* SOURCE MATERIAL
• • • • • • •
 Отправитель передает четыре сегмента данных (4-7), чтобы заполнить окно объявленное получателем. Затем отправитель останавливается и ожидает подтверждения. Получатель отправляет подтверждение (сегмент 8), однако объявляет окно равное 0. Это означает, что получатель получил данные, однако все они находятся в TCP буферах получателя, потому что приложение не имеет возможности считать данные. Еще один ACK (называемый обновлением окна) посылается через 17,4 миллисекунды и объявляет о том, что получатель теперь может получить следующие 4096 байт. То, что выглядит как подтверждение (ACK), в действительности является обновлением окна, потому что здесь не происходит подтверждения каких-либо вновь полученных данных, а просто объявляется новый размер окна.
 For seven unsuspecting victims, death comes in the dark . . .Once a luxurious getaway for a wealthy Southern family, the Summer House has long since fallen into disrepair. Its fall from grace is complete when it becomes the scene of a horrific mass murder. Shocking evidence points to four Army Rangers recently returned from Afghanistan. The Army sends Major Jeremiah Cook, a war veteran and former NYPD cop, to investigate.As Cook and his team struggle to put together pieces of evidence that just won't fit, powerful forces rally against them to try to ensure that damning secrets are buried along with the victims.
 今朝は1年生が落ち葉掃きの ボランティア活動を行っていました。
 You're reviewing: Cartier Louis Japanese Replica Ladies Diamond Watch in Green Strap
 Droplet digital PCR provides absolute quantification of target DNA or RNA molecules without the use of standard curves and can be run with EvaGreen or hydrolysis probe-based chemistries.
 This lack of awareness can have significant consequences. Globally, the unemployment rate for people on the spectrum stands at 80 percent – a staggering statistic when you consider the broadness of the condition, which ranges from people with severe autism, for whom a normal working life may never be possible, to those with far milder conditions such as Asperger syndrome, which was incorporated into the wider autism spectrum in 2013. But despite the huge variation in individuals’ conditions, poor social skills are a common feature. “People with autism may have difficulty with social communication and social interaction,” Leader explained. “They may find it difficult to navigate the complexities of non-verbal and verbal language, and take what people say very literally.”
• • • • • • •
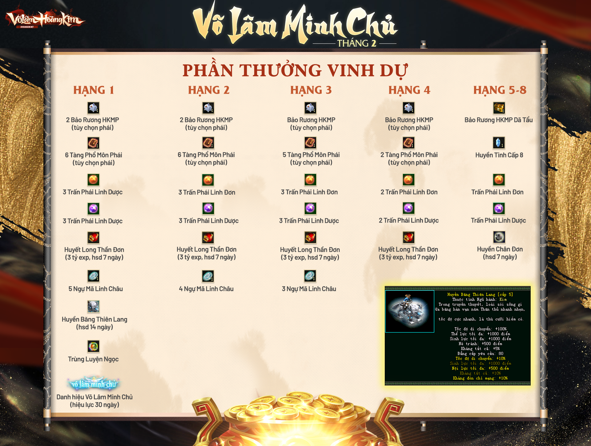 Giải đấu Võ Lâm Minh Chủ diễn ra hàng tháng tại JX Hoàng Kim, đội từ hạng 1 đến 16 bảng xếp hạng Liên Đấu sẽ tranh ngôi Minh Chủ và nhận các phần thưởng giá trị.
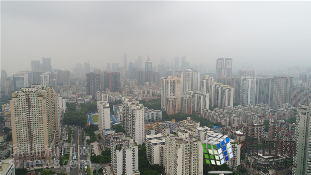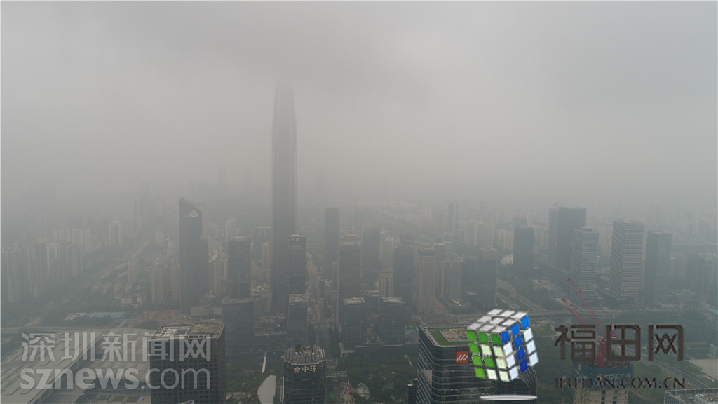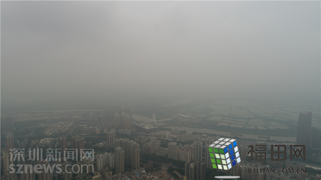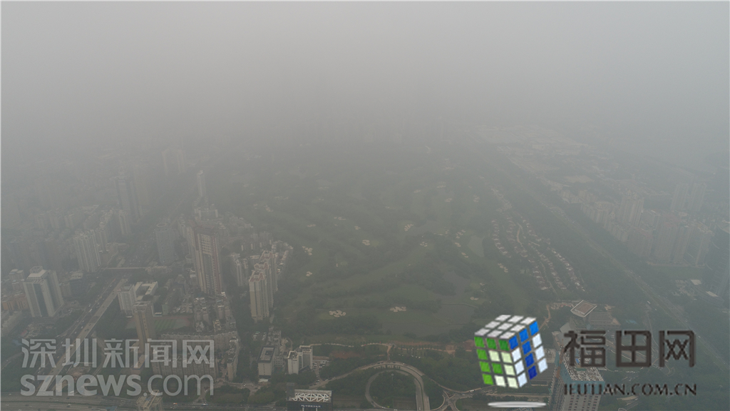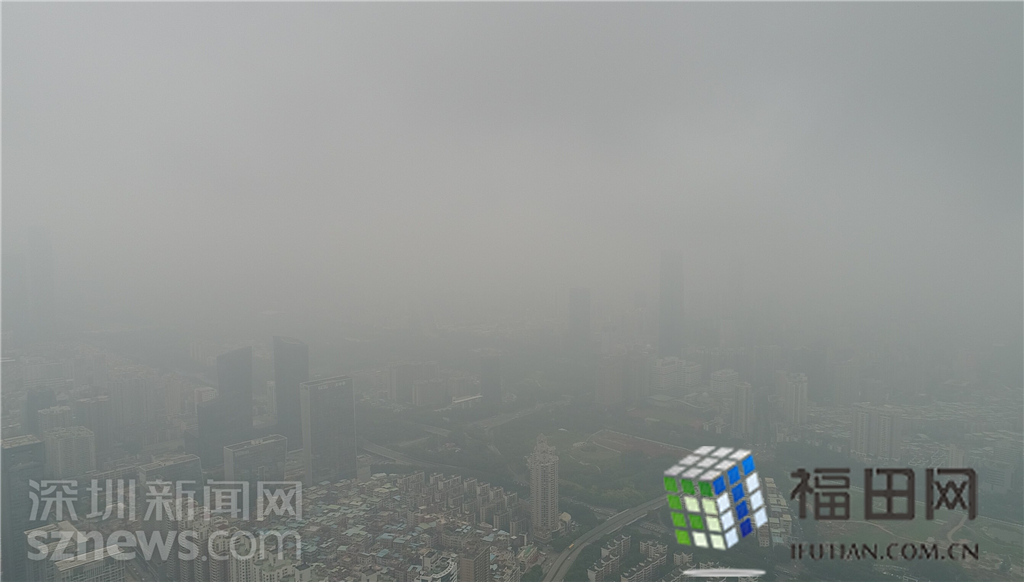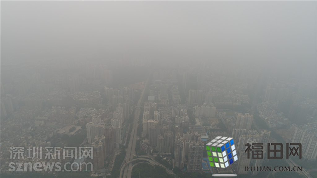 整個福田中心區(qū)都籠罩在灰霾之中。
• • • • • • •
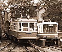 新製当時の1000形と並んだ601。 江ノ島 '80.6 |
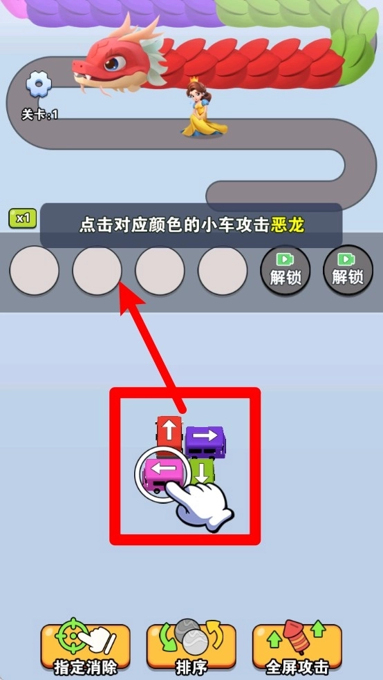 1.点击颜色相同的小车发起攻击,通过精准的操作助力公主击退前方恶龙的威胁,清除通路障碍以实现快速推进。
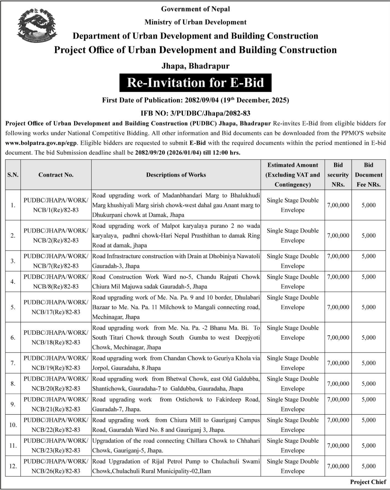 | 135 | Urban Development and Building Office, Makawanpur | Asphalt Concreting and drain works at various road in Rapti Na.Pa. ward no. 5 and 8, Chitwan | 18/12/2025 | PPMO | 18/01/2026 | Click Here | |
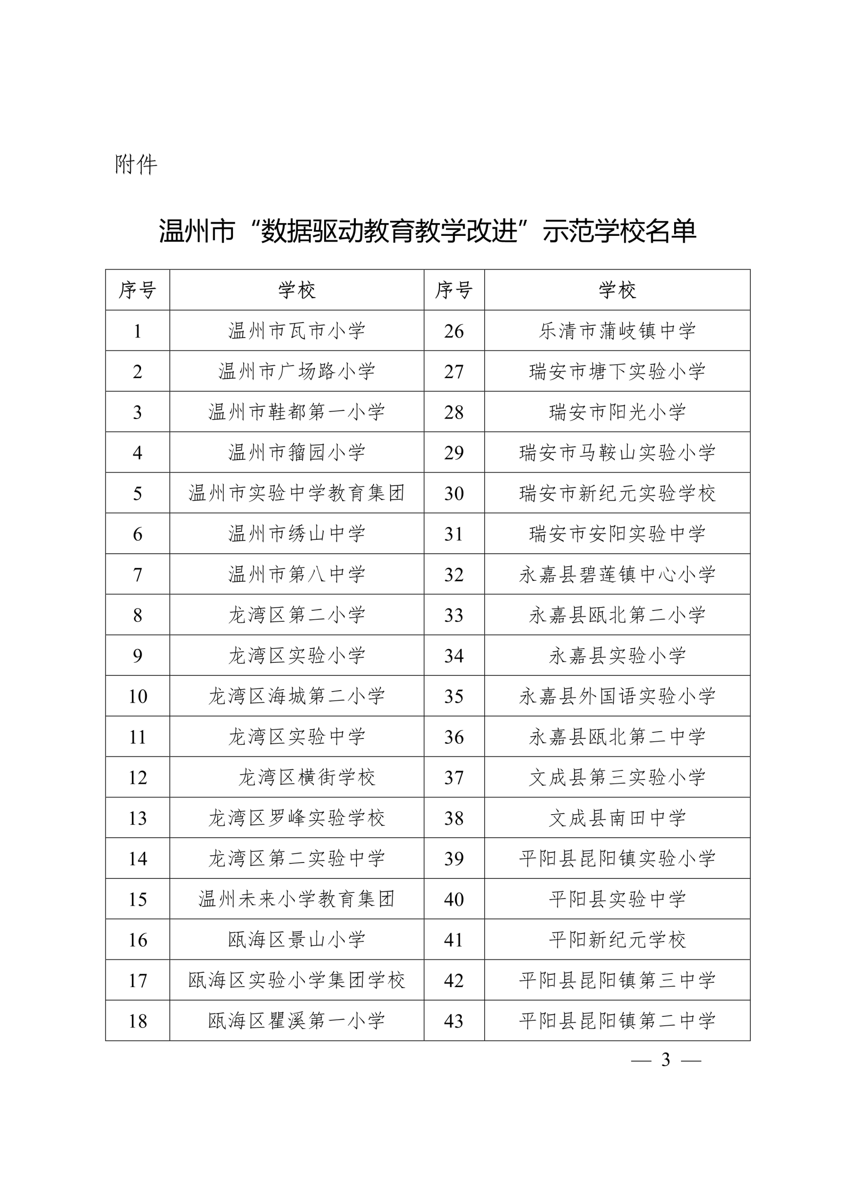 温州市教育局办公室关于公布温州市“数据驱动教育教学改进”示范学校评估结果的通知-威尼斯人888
• • • • • • •
* EXERCISE INSTRUCTIONS
Look above for the line holding "1.点击颜色相同的小车发起攻" and output everything from it down to the line holding "温州市教育局办公室关于公布温", both ends included, exactly and without images.

* EXERCISE SOLUTION
 1.点击颜色相同的小车发起攻击,通过精准的操作助力公主击退前方恶龙的威胁,清除通路障碍以实现快速推进。
 | 135 | Urban Development and Building Office, Makawanpur | Asphalt Concreting and drain works at various road in Rapti Na.Pa. ward no. 5 and 8, Chitwan | 18/12/2025 | PPMO | 18/01/2026 | Click Here | |
 温州市教育局办公室关于公布温州市“数据驱动教育教学改进”示范学校评估结果的通知-威尼斯人888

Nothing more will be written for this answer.